Кто мог это сделать?

Слишком самонадеянно было бы полагать, что это не имеет отношения к моему путешествию. Рейвич перехитрил нас в Нуэва-Вальпараисо, и, не случись обстрела, я все еще пытался бы смириться с фактом смерти Дитерлинга. Трудно представить, что к взрыву причастен Васкес — Красная Рука, хотя я так и не вычеркнул его из списка подозреваемых в убийстве моего друга. Васкесу не хватило бы воображения, чтобы придумать подобное, — не говоря уже о средствах. К тому же идеологическая обработка со стороны сектантов не позволит ему даже подумать о том, чтобы нанести какой-либо ущерб мосту. Но кто-то все же пытается убить меня. Возможно, они подложили бомбу на борт одного из подъемников, следующих за нами, в расчете на то, я нахожусь в нем или в одном из тех, что окажутся ниже. А может, они выпустили ракету и ошиблись в расчетах. Технически Рейвич мог организовать подобное, у него были весьма влиятельные друзья. Но у меня в голове не укладывалось, что он способен на такое — мимоходом угробить несколько сотен невинных только за тем, чтобы обеспечить смерть одного человека.
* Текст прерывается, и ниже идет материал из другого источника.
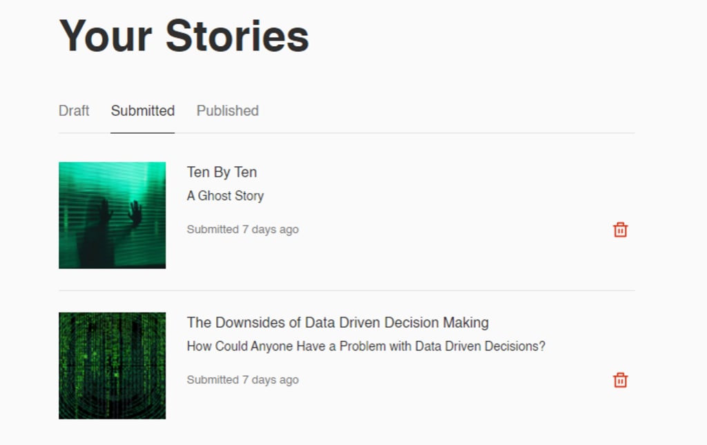 If you're not seeing your story published, it's also possible that something just needs to be edited before we're able to publish it. In this case, you'll also receive an email to the address associated with your account letting you know that your story requires edits before we can approve it."
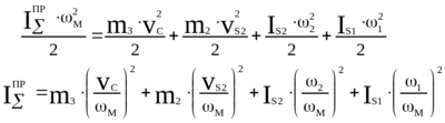 Приведение масс основано на равенстве кинетических энергий реальных звеньев и звена приведения одномассовой модели.
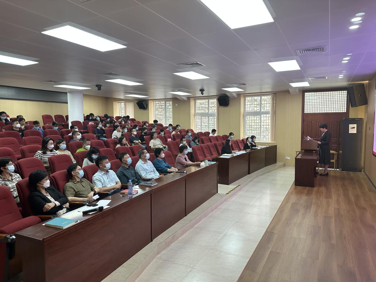 党委副书记张胜强、沈丽秀,副院长辛志英、戴鸿斌、刘悦依次向与会人员详实地汇报分享了各自牵头的有关工作情况。最后,陈菁院长作《回望百年路 风好正扬帆》的专题汇报,向全体与会人员介绍外文学科百年发展进程和取得的丰硕成果,并阐释了外文学科新百年的办学理念和改革举措。
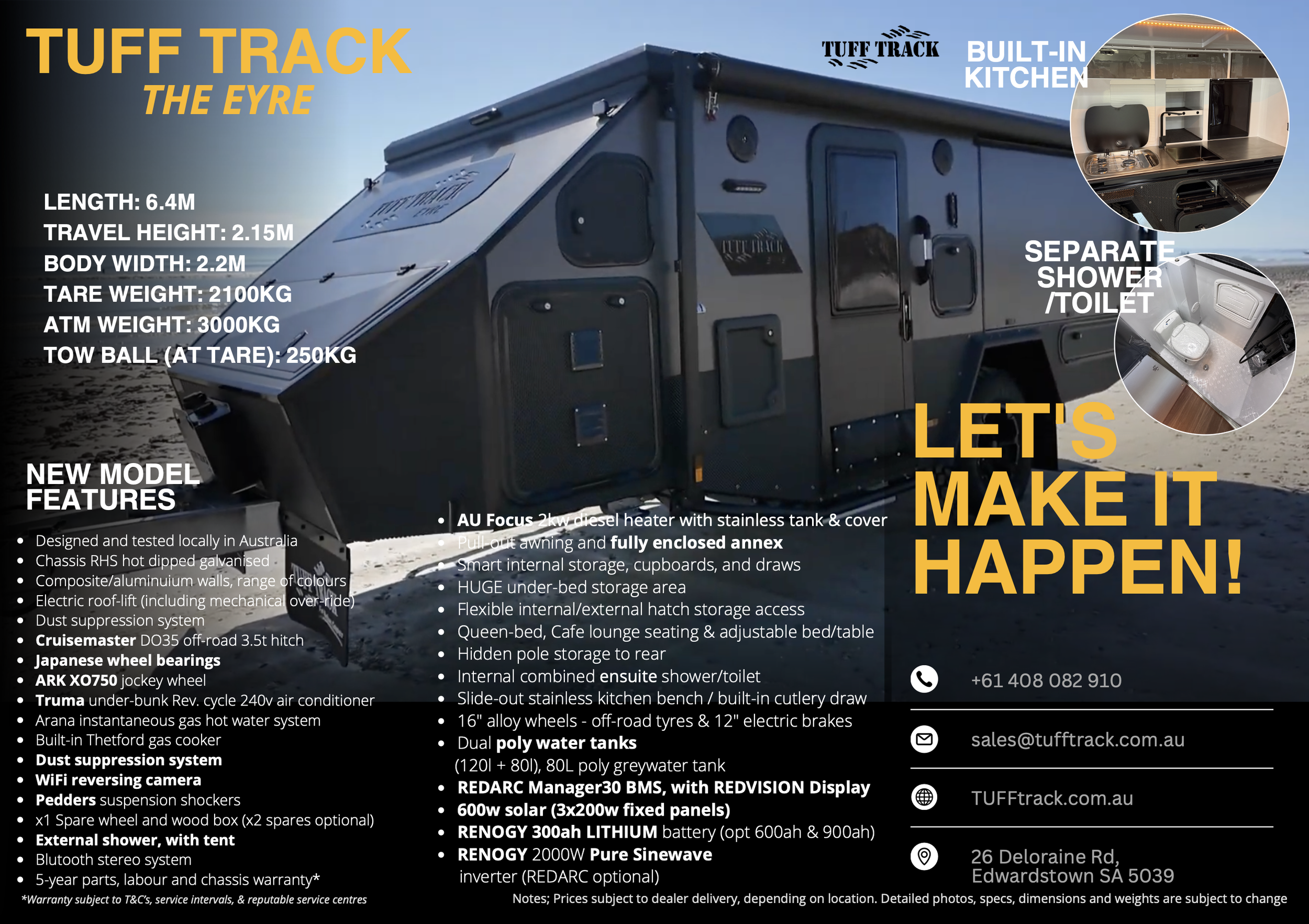 Meet the all-new 14ft Tuff Track Eyre — the perfect balance between compact agility and full-feature comfort. Designed for couples and young families who want serious off-road capability without stepping up to a larger van, the Eyre delivers a wider external galley kitchen, massive storage and premium off-grid systems in a low-profile, easy-to-tow package. It’s the best of the Escape and the Outback — refined, reimagined and ready for adventure.
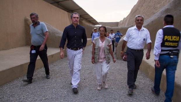 Trujillo. El ministro de Cultura, Salvador del Solar participó junto al presidente de la República Pedro Pablo Kuczynski de la segunda reunión de Gobernadores de la Mancomunidad Regional Macro Región Nor Oriente que se desarrolló en la Plaza Principal del conjunto amurallado Nik An del Complejo Arqueológico Chan Chan, sitio arqueológico incluido desde 1986 en la Lista de Patrimonio Mundial de la Unesco.
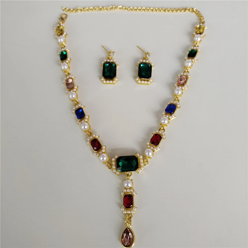 2025 New Colorful Glass Imitation Pearl Necklace Earrings Women Jewelry Sets Indian Statement Baroque Pendants Necklaces Jewelry $6.84
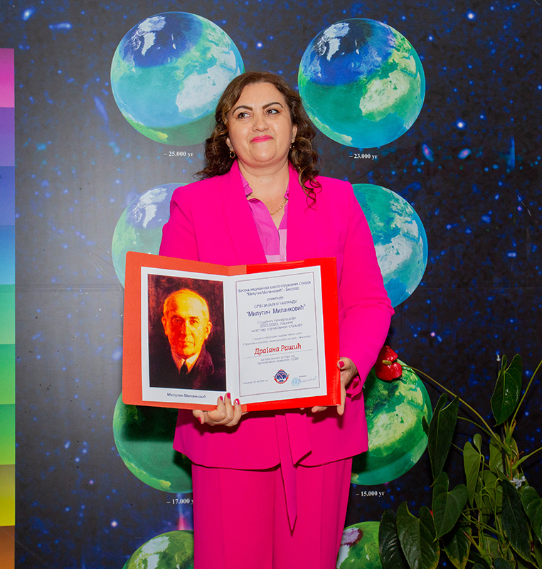 Специјалну награду „Милутин Миланковић“, студенту генерације 2022/2023.године мастер струковних студија, студијски програм здравствена нега, Струковни мастер медицинска сестра-техничар, добила је Драгана Рашић за постигнут успех са просечном оценом 10,00

Но человеку свойственно учиться.

Мы последовали за слугой к отсекам, в каждом из которых был заключен вакуумный скафандр. Ума не приложу, где они раскопали эти раритеты: в скафандр приходилось с усилием втискиваться, вместо того чтобы просто позволить ему «облепить» себя. Все они оказались мне малы примерно на размер, но я облачился довольно быстро — с легкостью человека, который привык носить броню. Я позаботился о том, чтобы заводной пистолет перекочевал в один из многочисленных вспомогательных карманов, предназначенных для сигнальных ракет.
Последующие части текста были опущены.